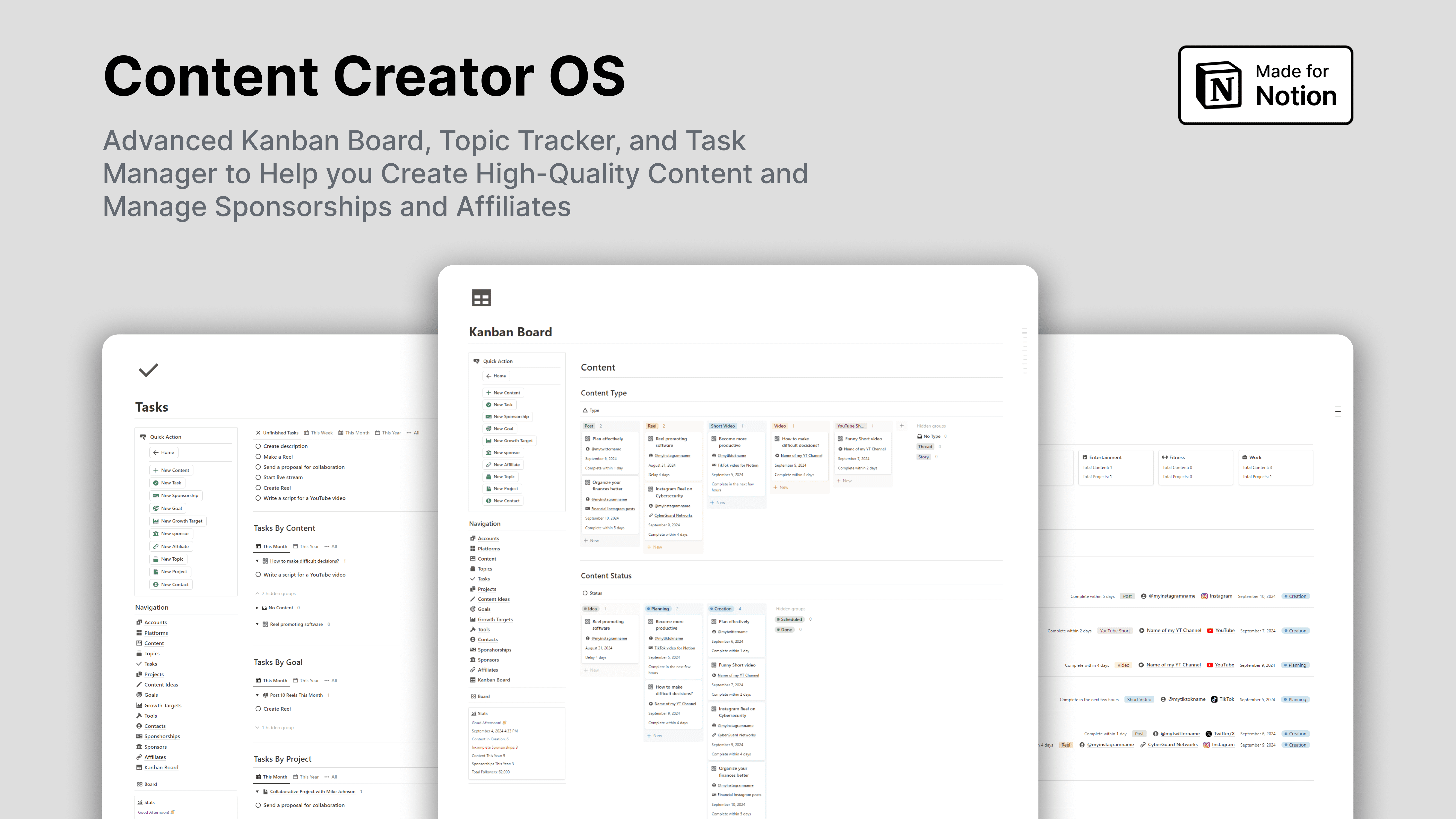 Notion Content Creator OS is a Notion system to help you plan, create, and schedule content, better manage your Social Media profiles, Track and achieve your goals and growth targets, track and manage your projects, tasks, sponsorships, affiliates, sponsors, contacts, related to content creation, track metrics, manage content using Kanban Board, and much more.
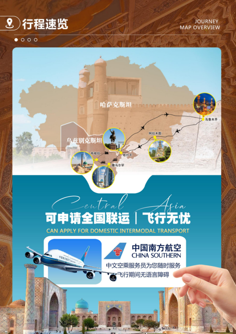 交通:乌鲁木齐→阿拉木图 阿拉木图→塔什干 塔什干→乌鲁木齐 (三段飞机含税);布哈拉→塔什干(高铁)
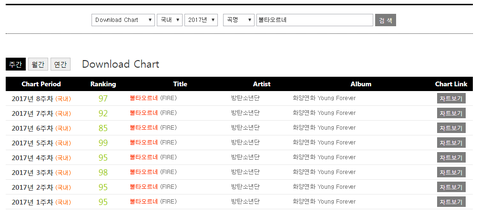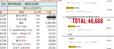 해당표는 '종합 차트'가 아닌 '국내 차트'를 기준으로 작성한 표이기 때문에 국내 차트 기준 불타오르네는 2017년 8주 차트인 총 '145,594' 다운을 누적한게 맞습니다. 역시 엑소와 방탄 모두 공평히 '국내 차트' 기준이기 때문에 누구에게나 공평한 기준입니다.
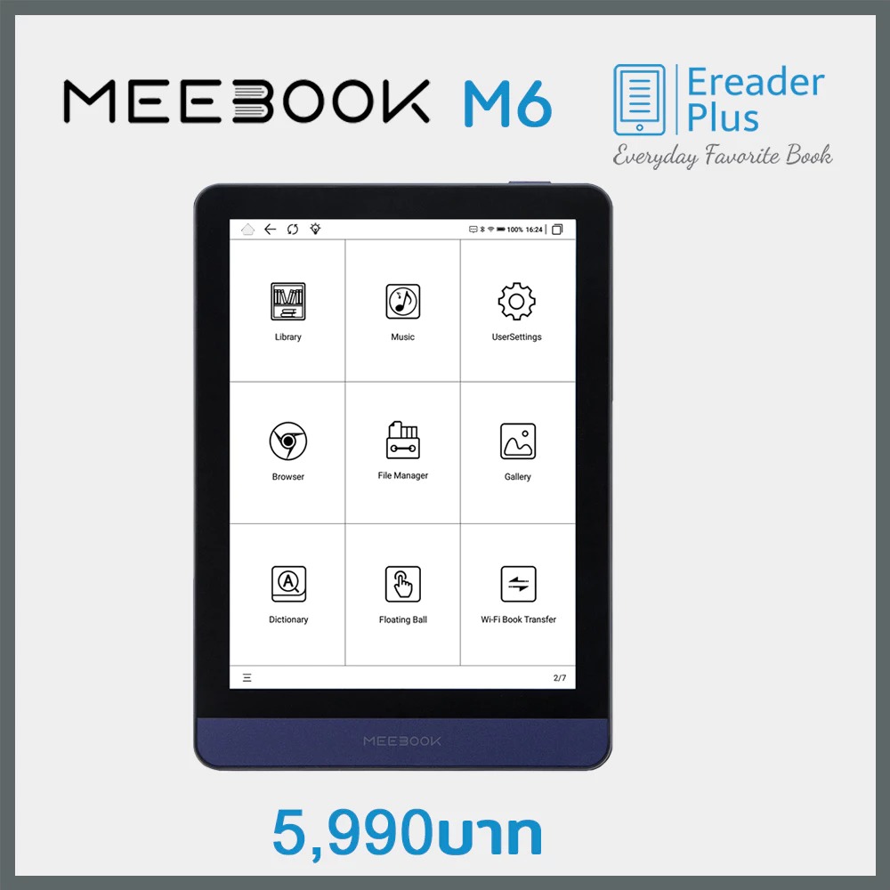 Meebook M6 รุ่น 6 นิ้ว พกพาสะดวก มาพร้อมกับหน้าจอ 6 นิ้ว พร้อมทั้งความละเอียด 300 PPI 1448*1072 แถมความบางเพียง 7mm น้ำหนักเพียง 190g จับง่ายสะดวกมือ
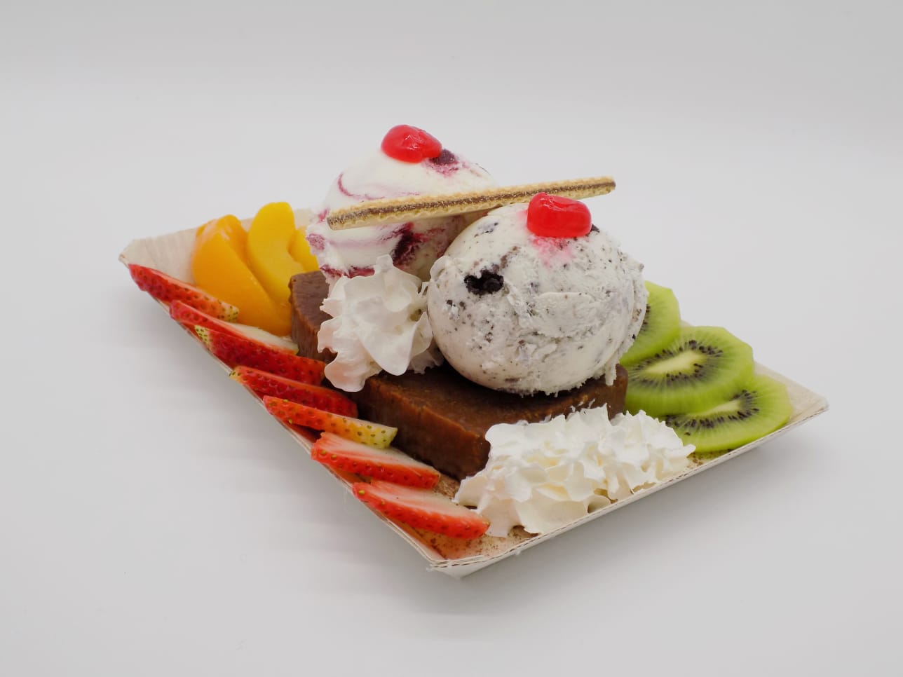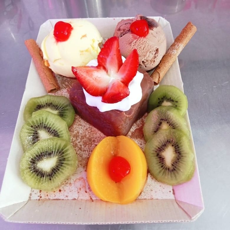 Brownie con helado de vainilla chips y brownie, decorado con durazno, kiwi, fresa y cereza.
· · · ·
● To do
Could you restate exactly the lines from the line containing "Meebook M6 รุ่น" through the end of the listing, both ends included and nothing else, leaving the images out?

● Final answer
 Meebook M6 รุ่น 6 นิ้ว พกพาสะดวก มาพร้อมกับหน้าจอ 6 นิ้ว พร้อมทั้งความละเอียด 300 PPI 1448*1072 แถมความบางเพียง 7mm น้ำหนักเพียง 190g จับง่ายสะดวกมือ
 Brownie con helado de vainilla chips y brownie, decorado con durazno, kiwi, fresa y cereza.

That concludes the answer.